Forcing multiplayer into games, particularly new installments in successful franchises, is nothing new. What’s unusual, though, is taking a successful, decently established (two console games, three portable games, a phone game and a Facebook game) thoroughly single-player franchise and advertising the next installment so heavily on its multiplayer that most people who don’t specifically hunt out the information probably don’t even realize it has an extensive single-player campaign too.
As long as that single player campaign is as much fun as Assassin’s Creed II, The One Commandment won’t be violated and I’ll be happy. But there’s still an interesting phenomenon here, from a similar source - an attempt at audience expansion that deemphasizes what matters to the existing fans.
(Though I also have to mention that the series has sort of painted itself into a corner in terms of what it can do with the assassin ancestors. Altair looked and sounded exactly like Desmond, though it was unclear whether this was because he was genuinely identical or because this is how the Animus causes people to experience things. Then, when both Ezio and Subject 16 were also identical to Desmond, it became clear that the latter explanation was correct. So what will they do if Desmond is compelled to relive the life of a female ancestor?
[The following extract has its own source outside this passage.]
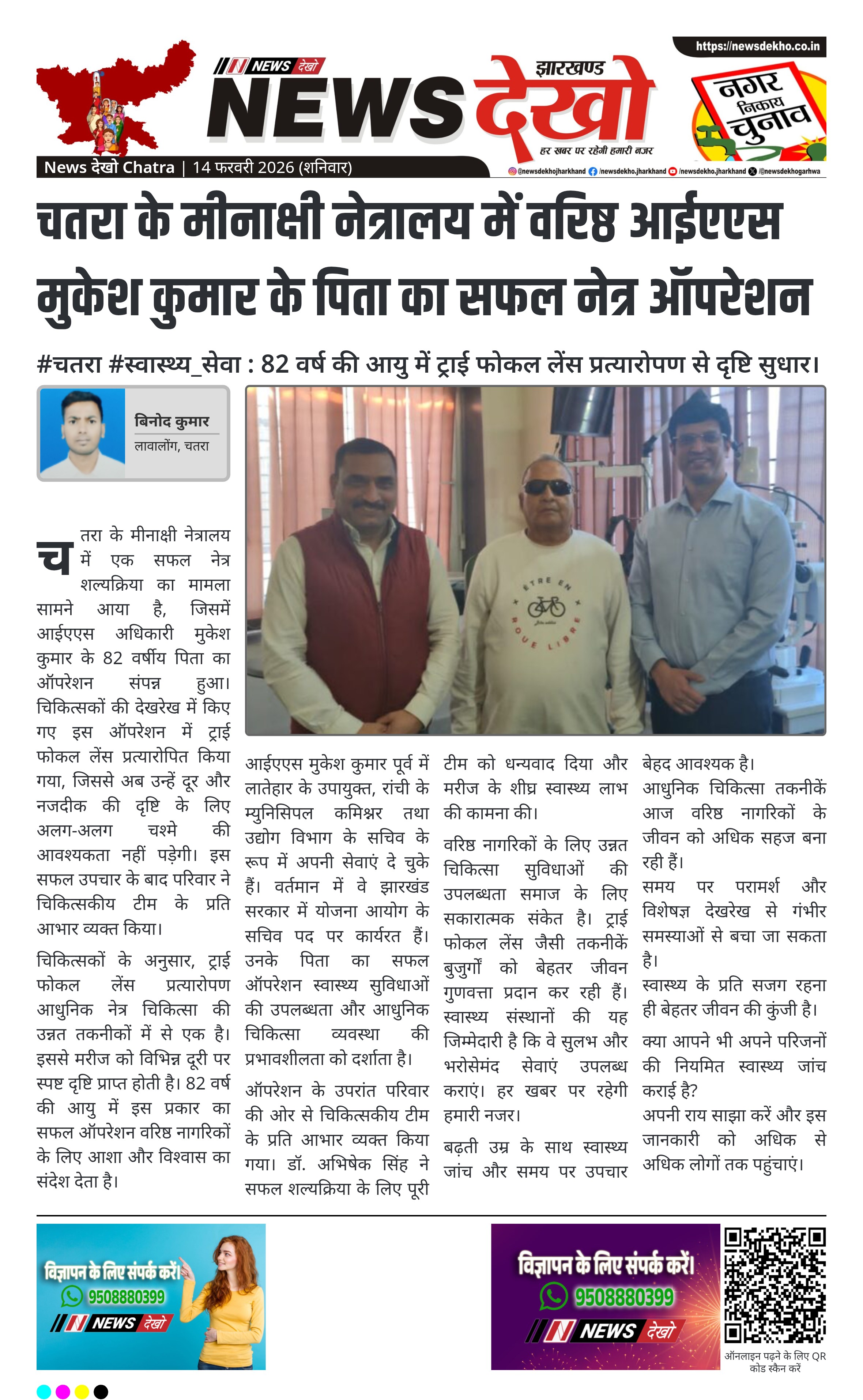 चतरा के मीनाक्षी नेत्रालय में एक सफल नेत्र शल्यक्रिया का मामला सामने आया है, जिसमें आईएएस अधिकारी मुकेश कुमार के 82 वर्षीय पिता का ऑपरेशन संपन्न हुआ। चिकित्सकों की देखरेख में किए गए इस ऑपरेशन में ट्राई फोकल लेंस प्रत्यारोपित किया गया, जिससे अब उन्हें दूर और नजदीक की दृष्टि के लिए अलग-अलग चश्मे की आवश्यकता नहीं पड़ेगी। इस सफल उपचार के बाद परिवार ने चिकित्सकीय टीम के प्रति आभार व्यक्त किया।

Or even just one who isn’t white? It makes me deeply skeptical of rumors of a playable female assassin in Assassin’s Creed III.)
I just started Uncharted 2 yesterday, so I don’t know yet what grand statement it makes about sequels. I’m probably going to come back with thoughts about the game after I play it more. But for now, I’ll tell you that if it were not such a well regarded game, and not by Naughty Dog, I would have already sent it back to GameFly.